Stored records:
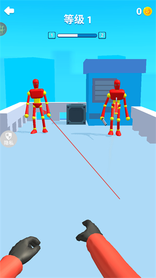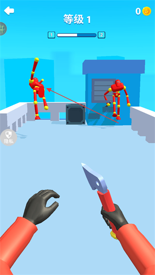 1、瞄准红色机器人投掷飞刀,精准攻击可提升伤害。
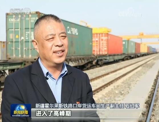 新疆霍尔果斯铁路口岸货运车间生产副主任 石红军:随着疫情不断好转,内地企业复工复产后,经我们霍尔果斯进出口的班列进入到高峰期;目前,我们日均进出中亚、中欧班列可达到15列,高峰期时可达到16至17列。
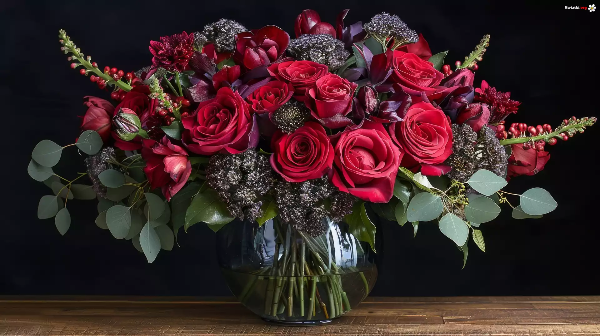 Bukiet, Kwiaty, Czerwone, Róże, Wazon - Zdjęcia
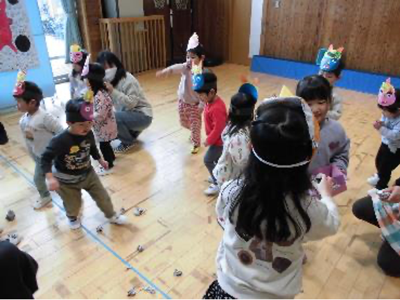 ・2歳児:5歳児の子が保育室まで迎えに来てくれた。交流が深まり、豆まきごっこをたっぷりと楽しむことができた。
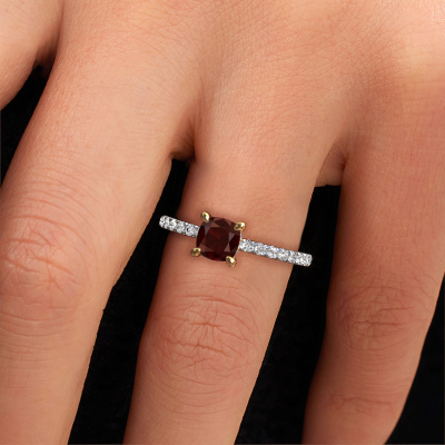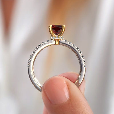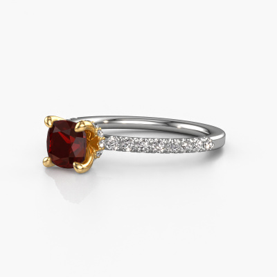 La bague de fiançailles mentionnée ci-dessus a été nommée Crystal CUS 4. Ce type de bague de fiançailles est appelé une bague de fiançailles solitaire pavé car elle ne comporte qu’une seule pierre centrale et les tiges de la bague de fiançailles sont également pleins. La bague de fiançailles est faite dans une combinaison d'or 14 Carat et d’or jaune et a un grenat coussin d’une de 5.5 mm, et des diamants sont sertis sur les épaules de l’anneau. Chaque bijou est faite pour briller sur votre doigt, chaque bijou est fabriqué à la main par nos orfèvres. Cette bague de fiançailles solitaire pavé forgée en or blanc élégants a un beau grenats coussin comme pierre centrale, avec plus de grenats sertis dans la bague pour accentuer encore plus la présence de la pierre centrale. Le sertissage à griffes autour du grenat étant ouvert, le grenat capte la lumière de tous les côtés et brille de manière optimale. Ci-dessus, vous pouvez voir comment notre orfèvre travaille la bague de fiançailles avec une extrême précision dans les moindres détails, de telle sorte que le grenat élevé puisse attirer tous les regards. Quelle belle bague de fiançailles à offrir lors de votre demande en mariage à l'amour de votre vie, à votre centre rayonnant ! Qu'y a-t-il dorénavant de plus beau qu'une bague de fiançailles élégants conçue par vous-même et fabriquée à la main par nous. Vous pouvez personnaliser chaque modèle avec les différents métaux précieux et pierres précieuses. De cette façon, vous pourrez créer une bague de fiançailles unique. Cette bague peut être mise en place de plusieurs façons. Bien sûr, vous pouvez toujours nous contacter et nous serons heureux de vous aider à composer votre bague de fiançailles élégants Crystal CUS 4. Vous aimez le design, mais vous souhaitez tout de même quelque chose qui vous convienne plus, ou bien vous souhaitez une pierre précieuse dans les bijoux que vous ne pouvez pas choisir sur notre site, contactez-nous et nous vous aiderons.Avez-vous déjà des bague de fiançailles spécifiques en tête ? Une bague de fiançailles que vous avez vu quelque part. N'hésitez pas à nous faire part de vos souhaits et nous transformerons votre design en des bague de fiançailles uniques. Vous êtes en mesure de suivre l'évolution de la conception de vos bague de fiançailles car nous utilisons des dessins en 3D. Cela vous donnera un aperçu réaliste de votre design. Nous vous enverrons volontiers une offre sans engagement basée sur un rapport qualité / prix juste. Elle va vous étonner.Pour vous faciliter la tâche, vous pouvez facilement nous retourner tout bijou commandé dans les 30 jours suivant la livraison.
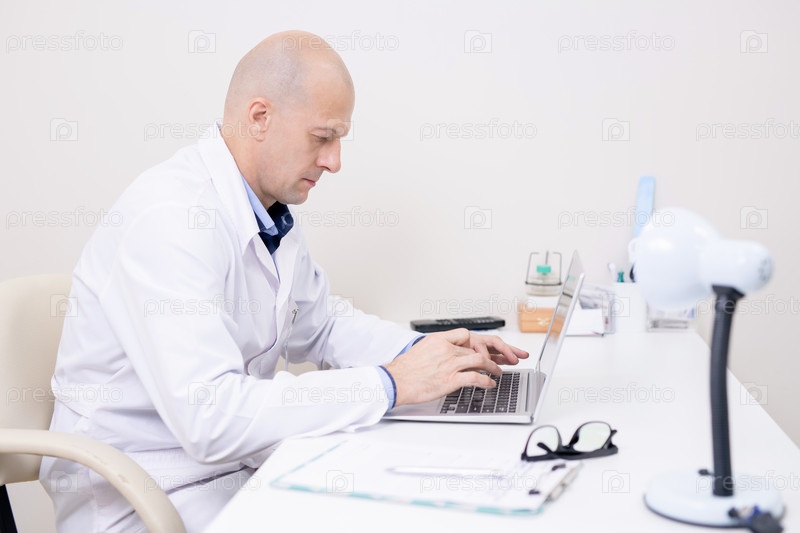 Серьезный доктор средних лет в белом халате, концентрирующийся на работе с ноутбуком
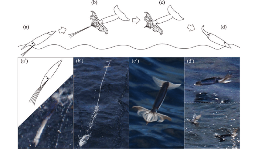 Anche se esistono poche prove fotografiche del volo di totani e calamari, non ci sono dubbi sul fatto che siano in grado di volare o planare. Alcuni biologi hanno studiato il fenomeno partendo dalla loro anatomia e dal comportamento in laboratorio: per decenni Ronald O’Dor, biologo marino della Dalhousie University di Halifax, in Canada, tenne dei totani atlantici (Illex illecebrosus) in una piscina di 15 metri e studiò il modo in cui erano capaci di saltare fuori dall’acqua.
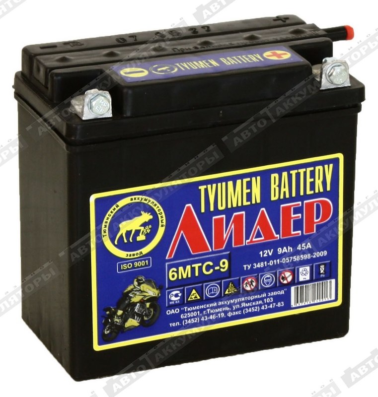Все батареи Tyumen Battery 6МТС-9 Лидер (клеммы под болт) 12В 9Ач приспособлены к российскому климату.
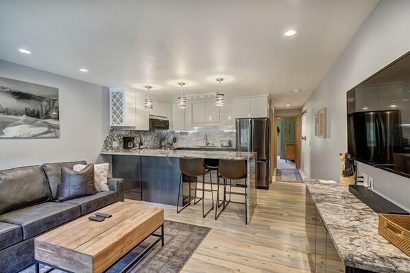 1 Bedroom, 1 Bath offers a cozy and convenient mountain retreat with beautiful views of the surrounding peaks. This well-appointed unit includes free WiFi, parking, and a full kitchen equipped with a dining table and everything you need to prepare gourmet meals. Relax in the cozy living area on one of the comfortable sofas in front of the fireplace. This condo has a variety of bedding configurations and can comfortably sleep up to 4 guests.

## Task brief
Write out each line exactly, from the one containing "Anche se esistono" through the end of the entries, and skip the pictures.

## Solution
 Anche se esistono poche prove fotografiche del volo di totani e calamari, non ci sono dubbi sul fatto che siano in grado di volare o planare. Alcuni biologi hanno studiato il fenomeno partendo dalla loro anatomia e dal comportamento in laboratorio: per decenni Ronald O’Dor, biologo marino della Dalhousie University di Halifax, in Canada, tenne dei totani atlantici (Illex illecebrosus) in una piscina di 15 metri e studiò il modo in cui erano capaci di saltare fuori dall’acqua.
Все батареи Tyumen Battery 6МТС-9 Лидер (клеммы под болт) 12В 9Ач приспособлены к российскому климату.
 1 Bedroom, 1 Bath offers a cozy and convenient mountain retreat with beautiful views of the surrounding peaks. This well-appointed unit includes free WiFi, parking, and a full kitchen equipped with a dining table and everything you need to prepare gourmet meals. Relax in the cozy living area on one of the comfortable sofas in front of the fireplace. This condo has a variety of bedding configurations and can comfortably sleep up to 4 guests.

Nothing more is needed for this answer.